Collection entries

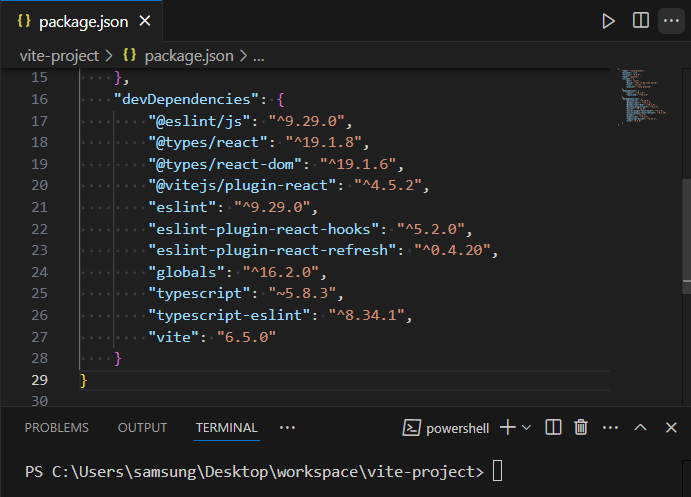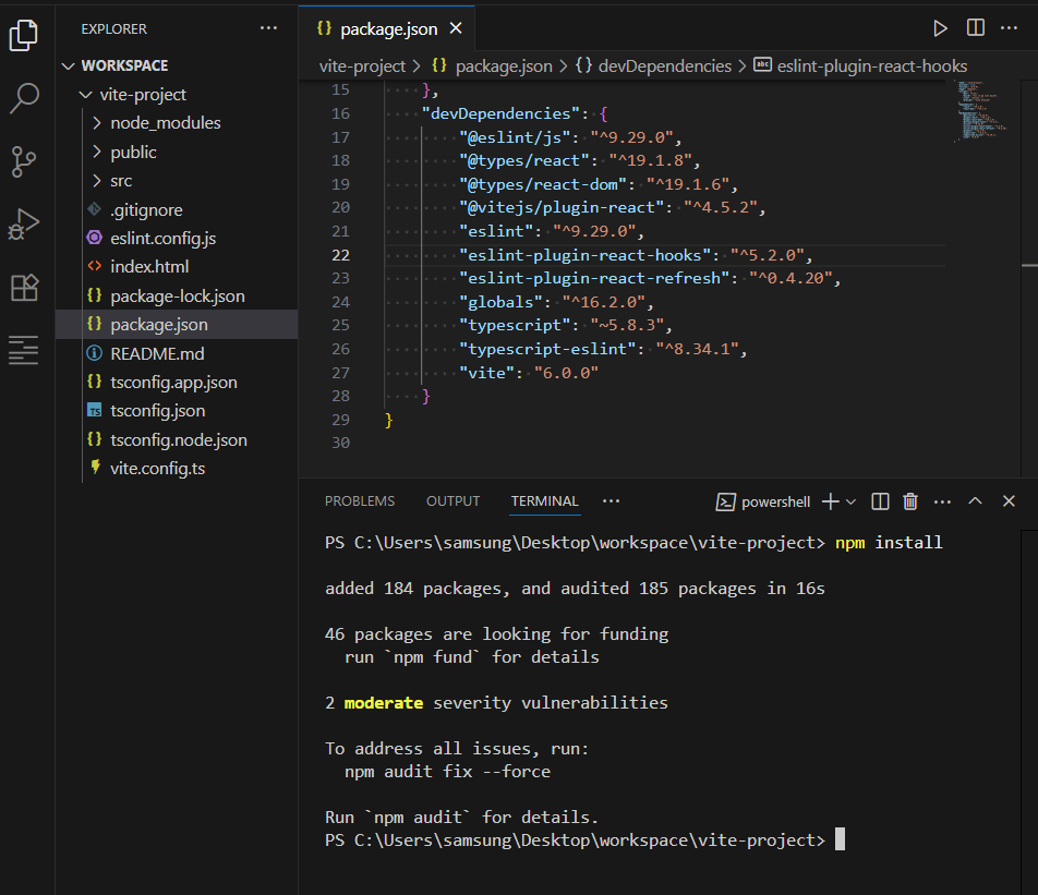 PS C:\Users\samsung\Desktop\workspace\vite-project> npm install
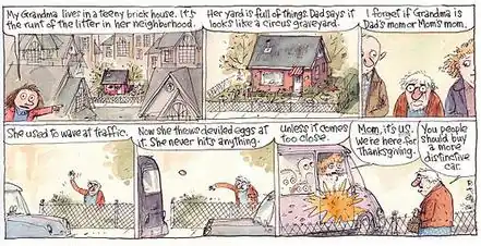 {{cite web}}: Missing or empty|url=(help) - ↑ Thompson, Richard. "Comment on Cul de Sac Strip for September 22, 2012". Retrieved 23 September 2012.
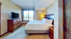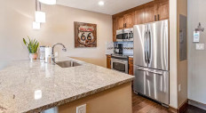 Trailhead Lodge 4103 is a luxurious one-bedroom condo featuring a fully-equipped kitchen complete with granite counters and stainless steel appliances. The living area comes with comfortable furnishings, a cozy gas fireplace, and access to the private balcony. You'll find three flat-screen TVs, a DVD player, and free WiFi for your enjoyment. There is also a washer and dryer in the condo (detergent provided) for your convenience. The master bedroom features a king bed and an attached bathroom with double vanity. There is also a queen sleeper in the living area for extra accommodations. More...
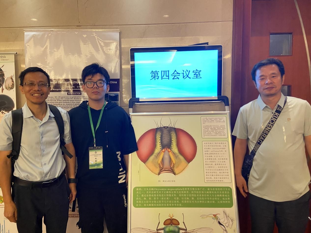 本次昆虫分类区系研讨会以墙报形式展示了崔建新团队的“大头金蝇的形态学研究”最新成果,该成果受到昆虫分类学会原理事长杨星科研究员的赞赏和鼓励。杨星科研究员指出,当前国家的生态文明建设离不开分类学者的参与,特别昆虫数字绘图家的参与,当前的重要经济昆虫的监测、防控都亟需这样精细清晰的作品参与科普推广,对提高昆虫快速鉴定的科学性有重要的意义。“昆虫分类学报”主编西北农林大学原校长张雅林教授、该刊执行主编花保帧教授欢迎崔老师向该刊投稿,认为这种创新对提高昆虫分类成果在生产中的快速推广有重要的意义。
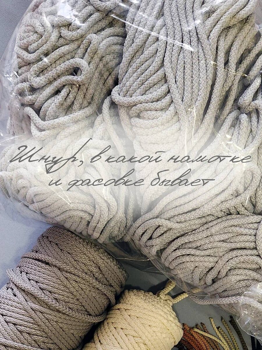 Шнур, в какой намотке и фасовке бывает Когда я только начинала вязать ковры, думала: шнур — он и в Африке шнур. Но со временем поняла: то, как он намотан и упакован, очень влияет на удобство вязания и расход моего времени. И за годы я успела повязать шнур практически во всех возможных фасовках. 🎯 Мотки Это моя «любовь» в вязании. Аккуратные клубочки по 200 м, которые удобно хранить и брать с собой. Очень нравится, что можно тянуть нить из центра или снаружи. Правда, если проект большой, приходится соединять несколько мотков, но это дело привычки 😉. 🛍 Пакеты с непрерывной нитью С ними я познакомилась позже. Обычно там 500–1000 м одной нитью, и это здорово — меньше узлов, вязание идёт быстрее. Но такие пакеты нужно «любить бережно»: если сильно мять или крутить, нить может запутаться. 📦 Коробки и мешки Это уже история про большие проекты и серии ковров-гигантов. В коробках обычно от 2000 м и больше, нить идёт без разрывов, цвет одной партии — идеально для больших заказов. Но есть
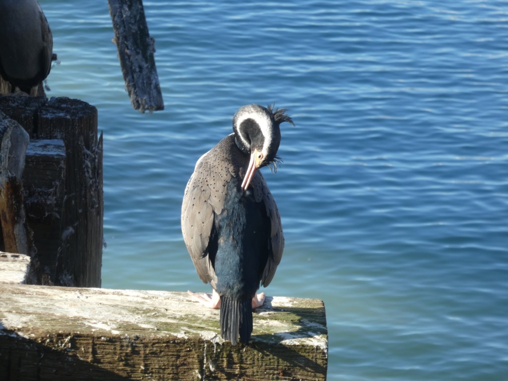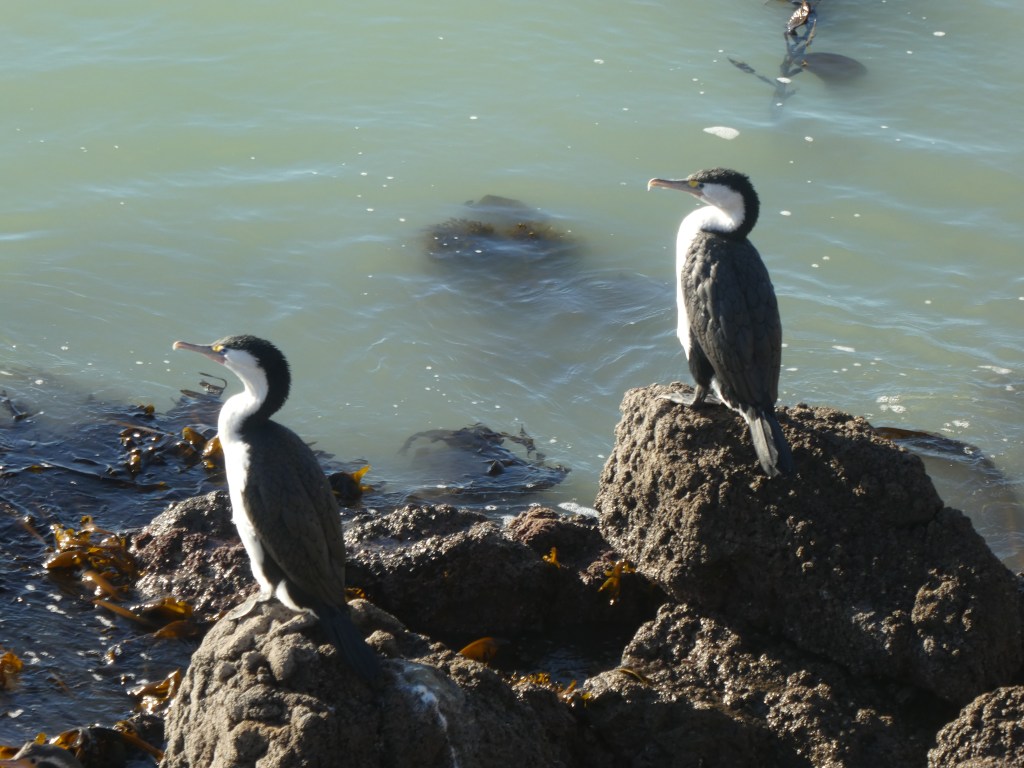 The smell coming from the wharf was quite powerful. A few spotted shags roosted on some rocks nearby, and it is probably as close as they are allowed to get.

### Task details:
Reproduce, word for word, every line from the start of the records down to and including the line with "23 September 2012."; skip the pictures.

### Result of this task:
 PS C:\Users\samsung\Desktop\workspace\vite-project> npm install
 {{cite web}}: Missing or empty|url=(help) - ↑ Thompson, Richard. "Comment on Cul de Sac Strip for September 22, 2012". Retrieved 23 September 2012.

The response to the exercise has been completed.